Pour cet épisode de Nomad, direction la ville de Tanger, la phénicienne, romaine, musulmane et indéniablement internationale. Notre périple débute depuis le mythique café Hafa, qui surplombe la baie de Tanger. Bien que le café mythique fasse incontestablement partie intégrante du patrimoine de la ville, nous partons à la découverte d’un autre trésor, qui donne sur la mer d’Alboran.
Il s’agit des mystérieuses tombes phéniciennes, non loin du café Hafa, sur le plateau du Marchan à quelques 15 mètres au dessus du niveau de la mer. De forme triangulaire et taillés à même la roche de la colline, ces quelques tombes, sont toujours visibles, bien que dans un état de délabrement désolant.
Photo d’illustration. / Ph.DR
Appelé tombeaux phéniciens, ce site fait écho à l’histoire chargée de la ville de Tanger. En effet, bien que le détroit ait été assiégé depuis le paléolithique, voire avant, la période phénicienne léguera un précieux patrimoine. Dans son ouvrage «Maroc du Nord : cités andalouses et montagnes berbères», Antonio Gaudio écrit :
«Ces tombes révèlent une page nouvelle de l’histoire du Maroc qui se situe bien avant l’époque où l’Amiral Hannon arriva sur ses côtés. Les textes anciens relancent l’existence de comptoirs fondés par les phéniciens le long de celles-ci (…)»
Cette présence dans la ville a été relatée par de nombreux chercheurs après la découverte de nombreux objets en céramique, bijoux et ustensiles phéniciens dans les nécropoles de la région de Tanger. Paul et Max Vauthey écrivent dans leur compte rendu, «Michel Ponsich, Nécropoles phéniciennes de la région de Tanger» que «ce sont les bijoux, dans les nécropoles, qui apportent des indices indispensables sur l’époque phénicienne dans la région de Tanger : ce sont les pendeloques à boisseau typiquement phéniciennes, les pendentifs à granules, la rose de Rhodes, les anneaux de nez ; à côté de ces objets de qualités élaborés dans les métaux précieux, or et argent, de nombreux bracelets de bronze dénotent une influence encore toute proche de la culture mégalithique».
Nommés à tord ?
Cependant, trois des chercheurs contactés par Yabiladi, nous affirment que ces tombes sont nommés à tord, et qu’elles ne dateraient nullement de l’époque phénicienne. L’un d’eux, Aziz El Idrissi, chercheur, archéologue et directeur du Musée Mohammed VI d’art moderne et contemporain (MMVI), est catégorique : «Ce ne sont pas des tombeaux phéniciens, ce sont des tombeaux anciens, certainement puniques, mais qui ont été réemployés pendant l’époque romaine, parce que le mobilier extrait est romain».
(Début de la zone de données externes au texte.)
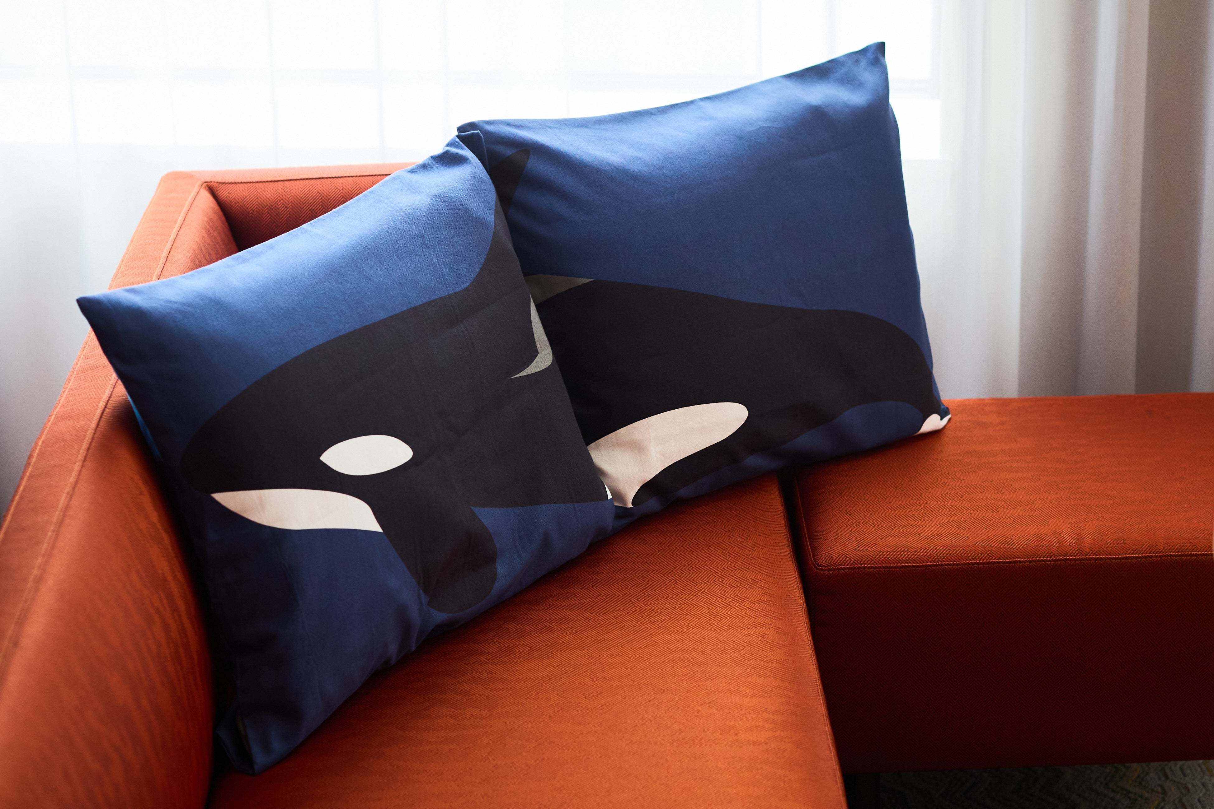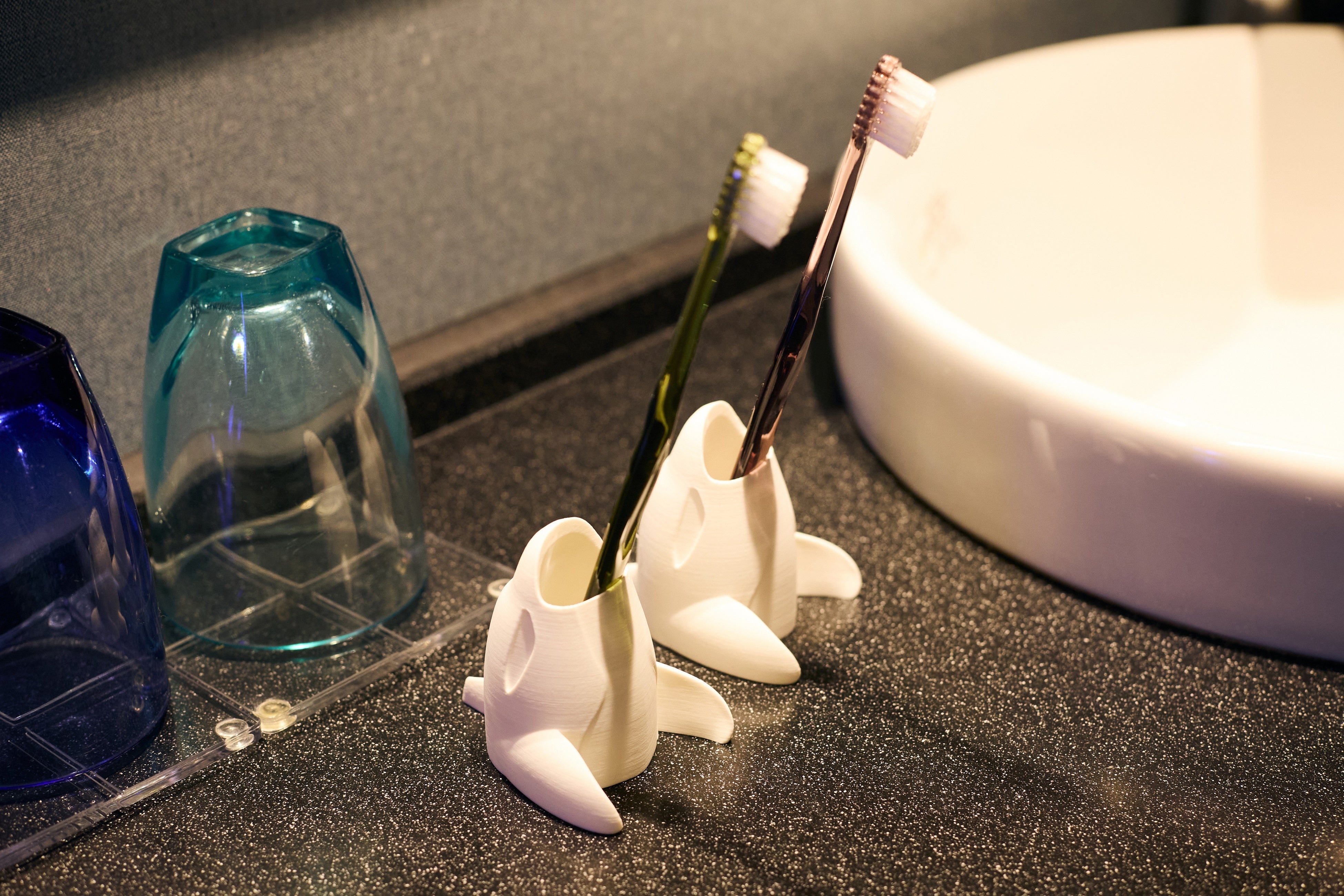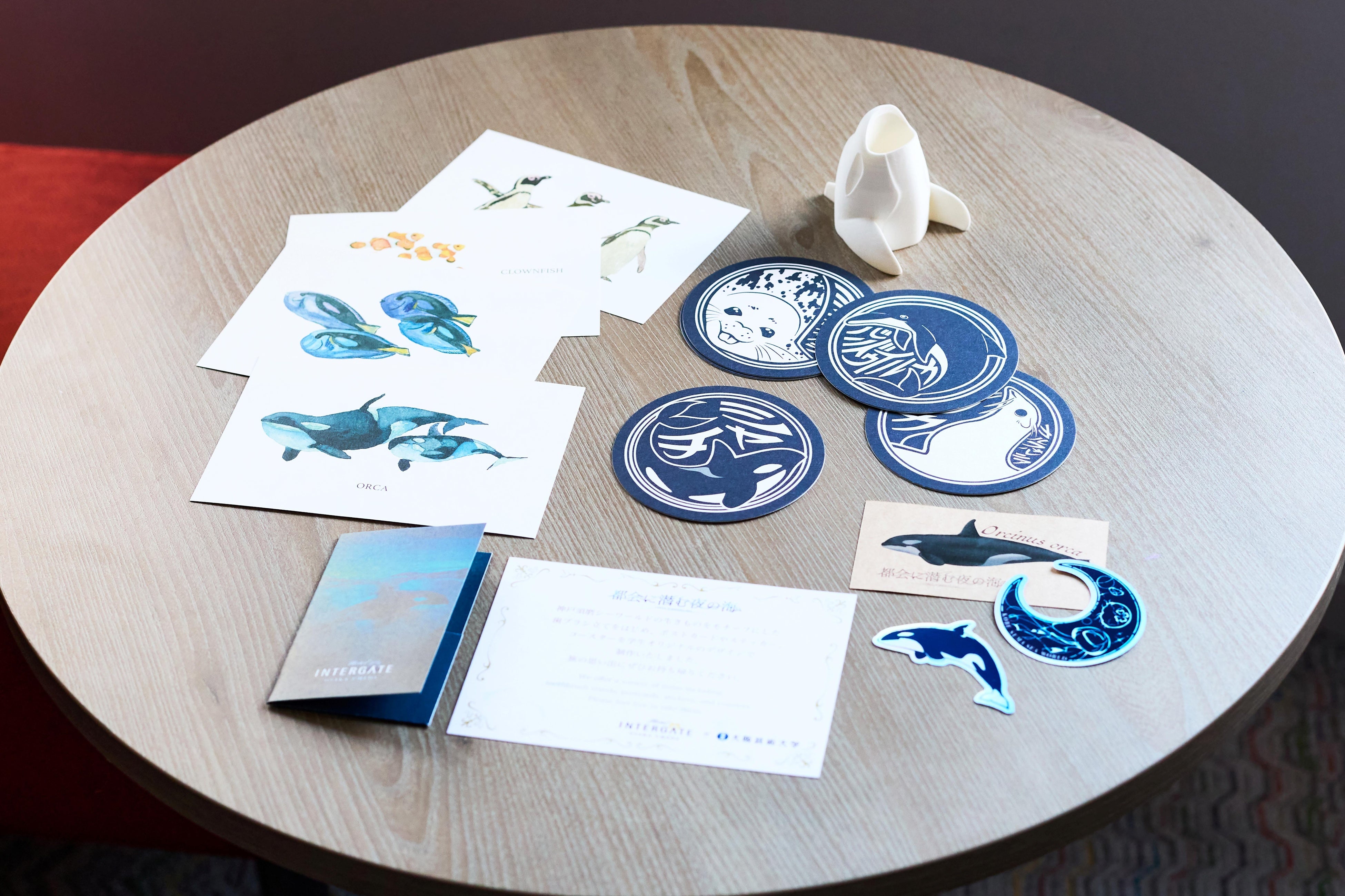 客室内には、学生たちが制作した多彩なアート作品が配置されています。神戸須磨シーワールドで展示している生きものをデザインしたシャンプーボトルや窓ステッカー、クッションに加え、海中を泳ぐシャチを再現した海中ジオラマ、ギヤマンクラゲやチンアナゴをデザインしたネオンなど、多彩なアイテムで夜の海の世界が表現されています。また、コースターやシャチをかたどった歯ブラシ立てなどお持ち帰りアイテムも充実しており、細部までこだわったアートルームとなっています。
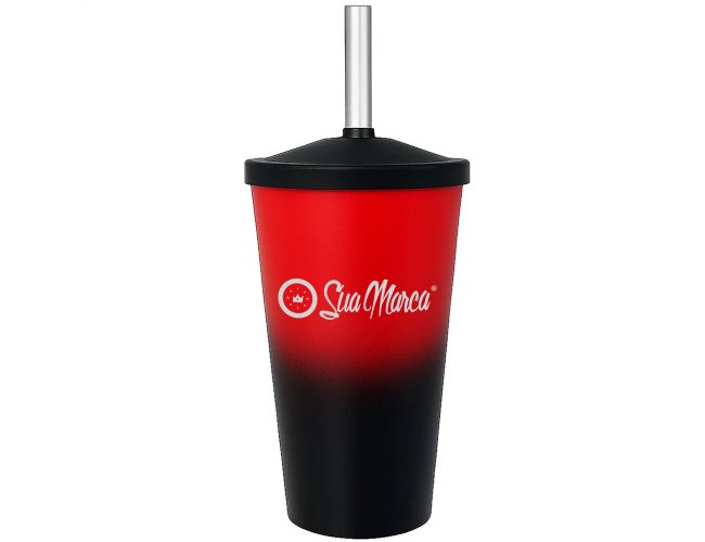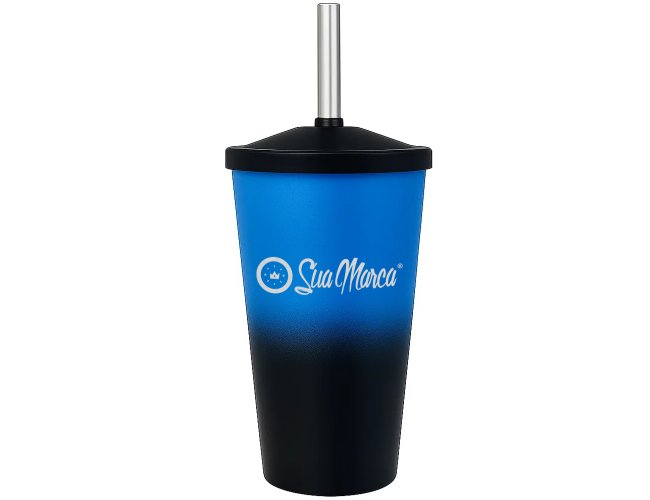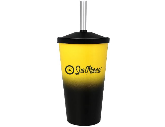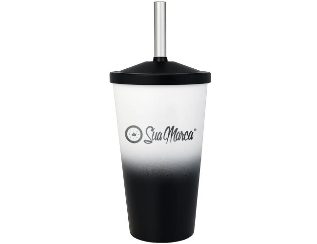 Copo Personalizado de 700ml GV029 com tampa e canudo. Fabricado em polietileno com pintura jateada bicolor, é ideal para eventos corporativos, ações promocionais e brindes personalizados. Prático, resistente e com ampla área para gravação da sua marca.
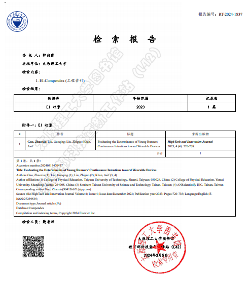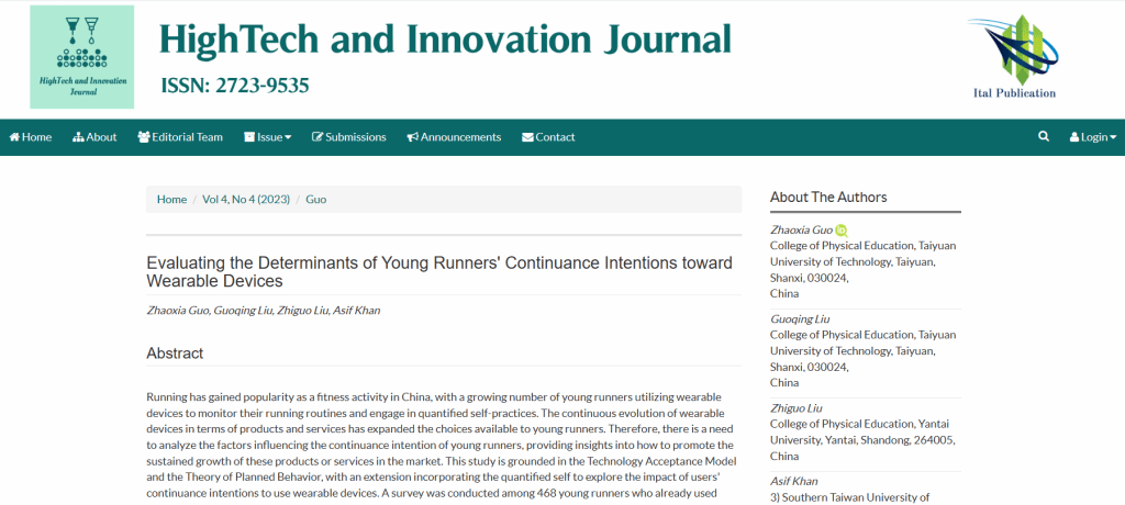 我院教师郭兆霞副教授的研究成果《Evaluating the Determinants of Young Runners' Continuance Intentions toward Wearable Devices》在《HighTech and Innovation Journal》在线发表。《HighTech and Innovation Journal》是一本同行评审的开放获取期刊,致力于发表集成工程和技术领域的研究论文,该期刊为EI期刊。该论文是郭兆霞(第一作者、通讯作者)团队的合作成果,bevitor伟德国际1946体育学院为第一署名单位。
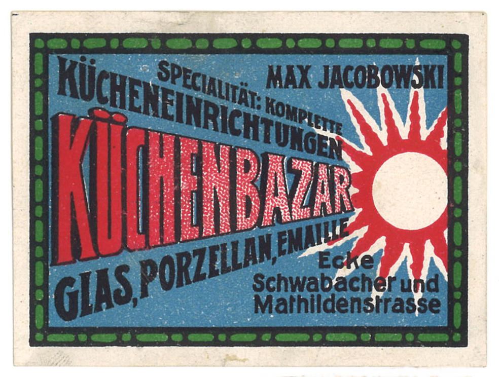 | Dateiinfo (Bild-Unterschrift und Info-Box, automatisch erstellt) | Historische Reklamemarke, Küchen-Bazar Max Jacobowski, um 1910 Lizenz: cc-by-sa-3.0 | ||
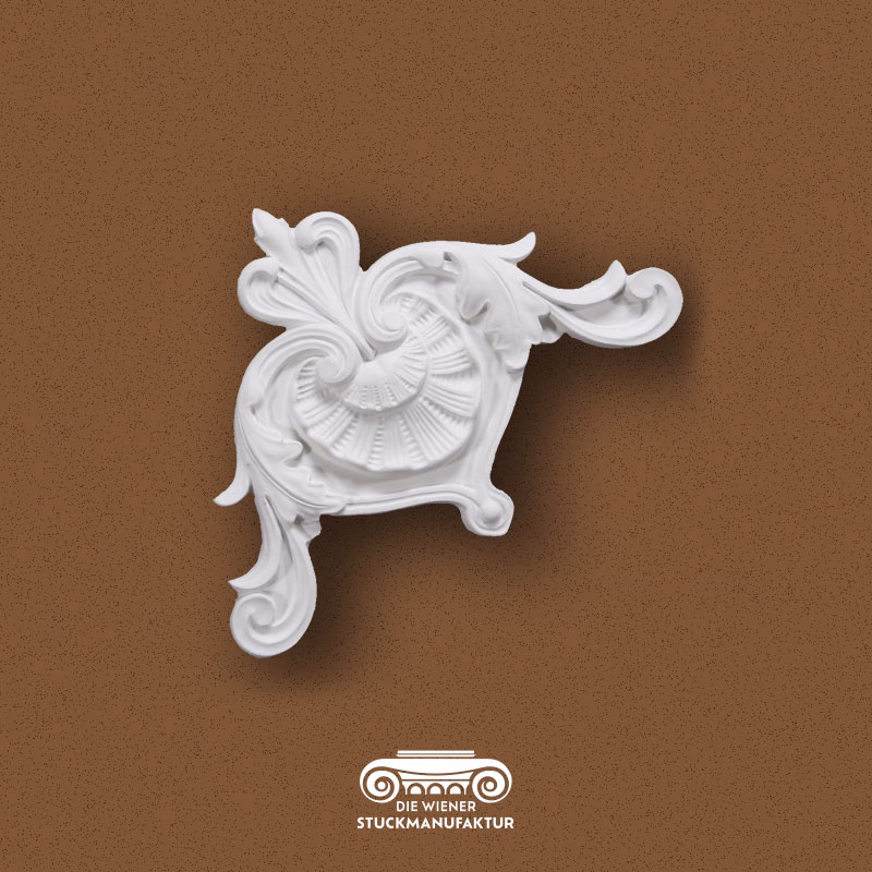 Stuck Freie Dekorecke 230/230mm aus Gips. Dieses Stuck Eckelement lässt sich hervorragend mit anderen Stuckelementen aus unserem Sortiment kombinieren.
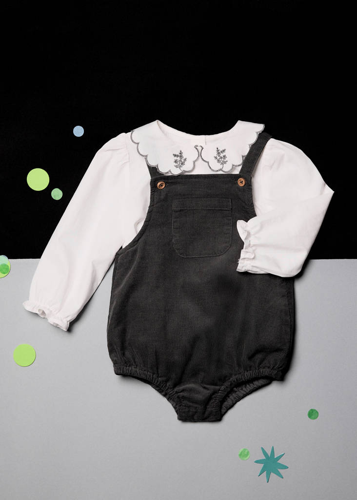 نسيج 100% قطن. تصميم إيفازي. ياقة بابيدول. تفاصيل مطرزة بالزهور. إغلاق بأزرار في الخلف. أكمام طويلة بحواف مضلعة. مجموعة عيد الميلاد
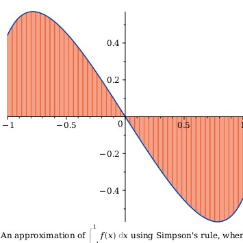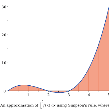 The ApproximateInt(f(x), x = a..b, method = simpson, opts) command approximates the integral of f(x) from a to b by using Simpson's rule. The first two arguments (function expression and range) can be replaced by a definite integral.
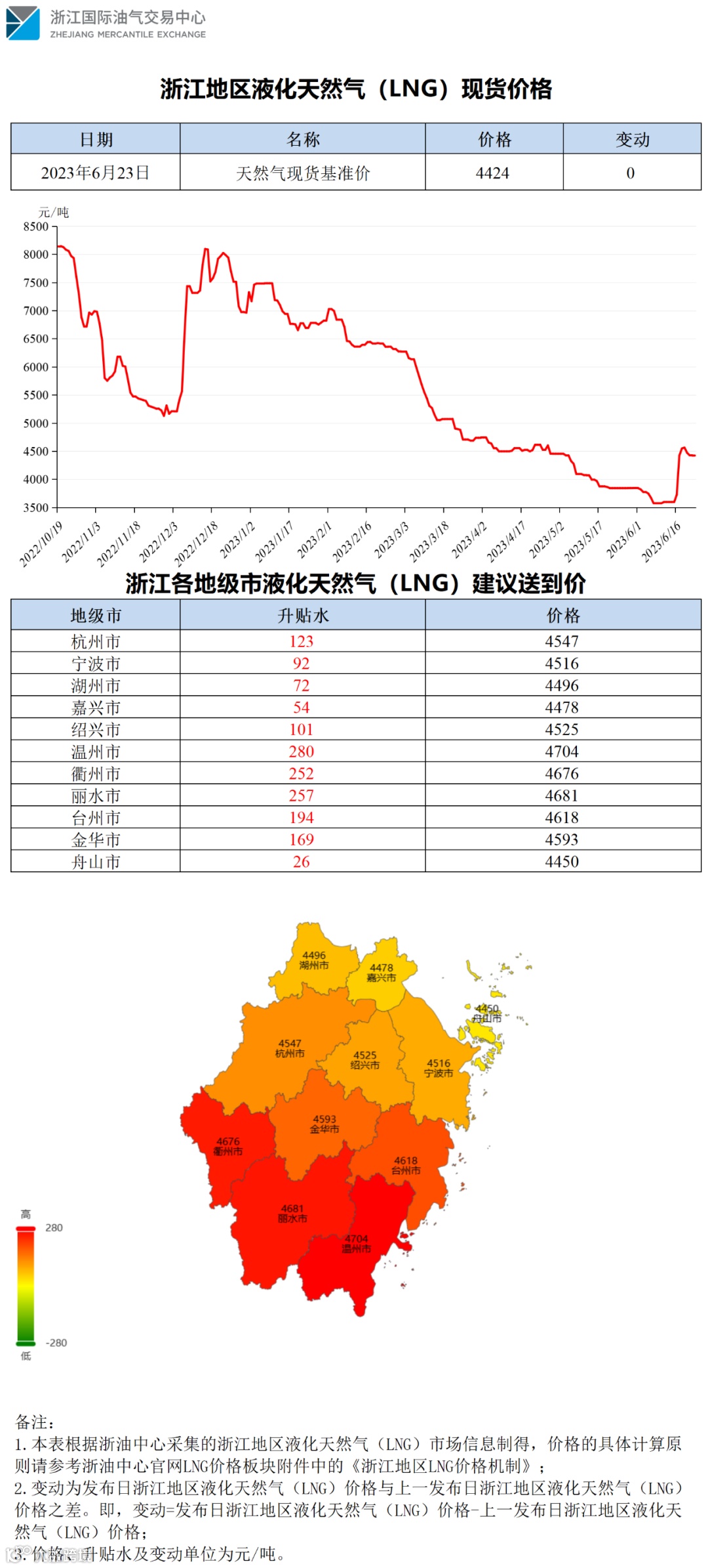 【价格指数】浙江地区液化天然气(LNG)价格(20230623)

«Il y a une différence entre ce qui se dit et ce qui est véhiculé par le grand public et ce que peuvent dire les chercheurs. Le travail scientifique et les chercheurs peuvent seulement affirmer que ces tombeaux ont été réutilisés à l’époque romaine.»
Aziz El Idrissi, archéologue
Mais alors pourquoi le mystère quant à leur origines demeure-t-il toujours aussi entier ? En réalité, «il n’y pas eu de fouilles récentes, toutes sont anciennes, et les techniques ne sont plus les mêmes. Les chercheurs évoquent le mobilier -qui bien qu’ils puissent être phénicien- soulève aussi un problème de méthodologie», nous confie Aziz El Idrissi.
Les tombeaux «phéniciens» de Tanger. / Ph.DR
Un chantier qui pourrait apporter grand nombre de réponses, mis la tâche n’est pas mince, confie notre interlocuteur. En effet, la particularité de Tanger, c’est qu’elle a été occupée de manière quasi permanente, et que «forcement nous ne disposons pas de toutes les réponses à nos questionnements».
L’un des obstacles, est que les espaces qui devraient être fouillés sont occupés par les habitants de la ville, car «la population habite là ou le anciens s’étaient installés autrefois», souligne-t-il.
La première des choses à faire, serait une valorisation de ce patrimoine, avec par exemple des panneaux signalétiques qui expliquent et qui donnent à connaitre le informations dont nous disposons à ce jour, suggère notre interlocuteur. Pour aller plus loin, il faut néanmoins, «réengager les recherches dans la région, et nous savons déjà que c’est possible de trouver d’autres tombeaux», conclu le directeur du MMVI.